Making a copy of our wounded CF card
pre. dd if=/dev/sda of=image.img bs=512
Next, we mounted the image to a temp mount point. Some math is involved here, and this is how it goes:
pre.. fdisk /dev/sda
Command (m for help): pDisk /dev/sda: 256 MB, 256901120 bytes
16 heads, 32 sectors/track, 980 cylinders
Units = cylinders of 512 * 512 = 262144 bytes
/dev/sda1 * 1 979 250608 6 FAT16
We want to mount that first partition, which starts on cylinder 0, head 1, which leads to offset: 32 sectors * 512 cylinders = 16384:
pre. mount -o loop,offset=16384 -t vfat image.img /mnt/test
And WOOOOO we have an image in a perfect replica! YEE-HAW!
*
References
- Creating and Using Disk Images mini-HOWTO – this one is not directly related to file recovery, but it does have excellent information on how to make an image of your disk, so that you can muck around with a copy instead of the original.

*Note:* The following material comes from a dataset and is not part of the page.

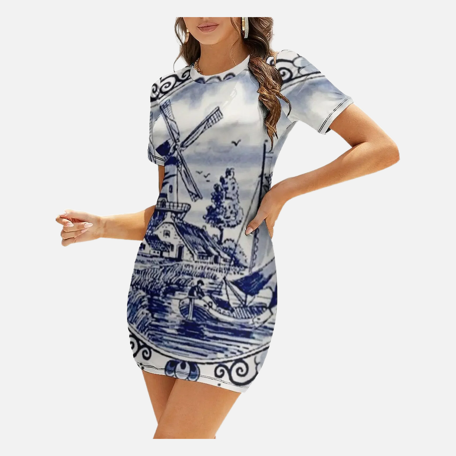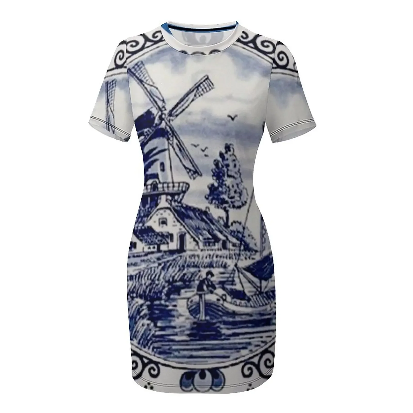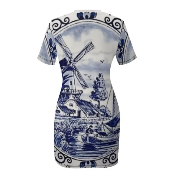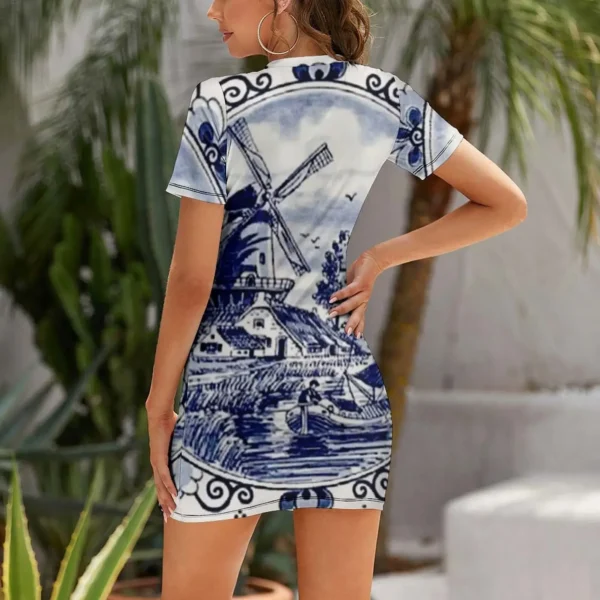 Blue Delft Print Short-Sleeved Elegant Women’s Dress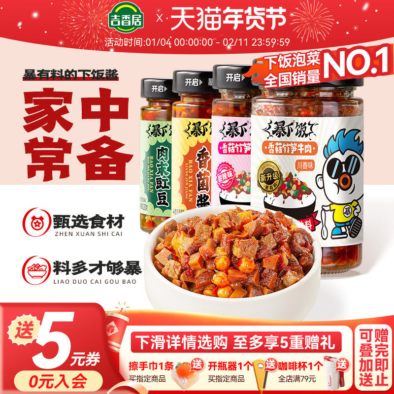 吉香居暴下饭200g香菇竹笋牛肉酱川香甜辣肉末豇豆鸡米芽菜下饭酱

- How to recover lost images from compact flash – This one has lots of nice tips, though he’s more focused on retrieving data after the FAT table got corrupted than because silly fingers pushed the wrong button.
- dosfsck to the rescue! – This one would have worked if we hadn’t deleted the directory structure. dosfsck does a pretty good job of resurrecting the files, but if you’ve gone and nixed the directory structure, which we had, it can’t do much.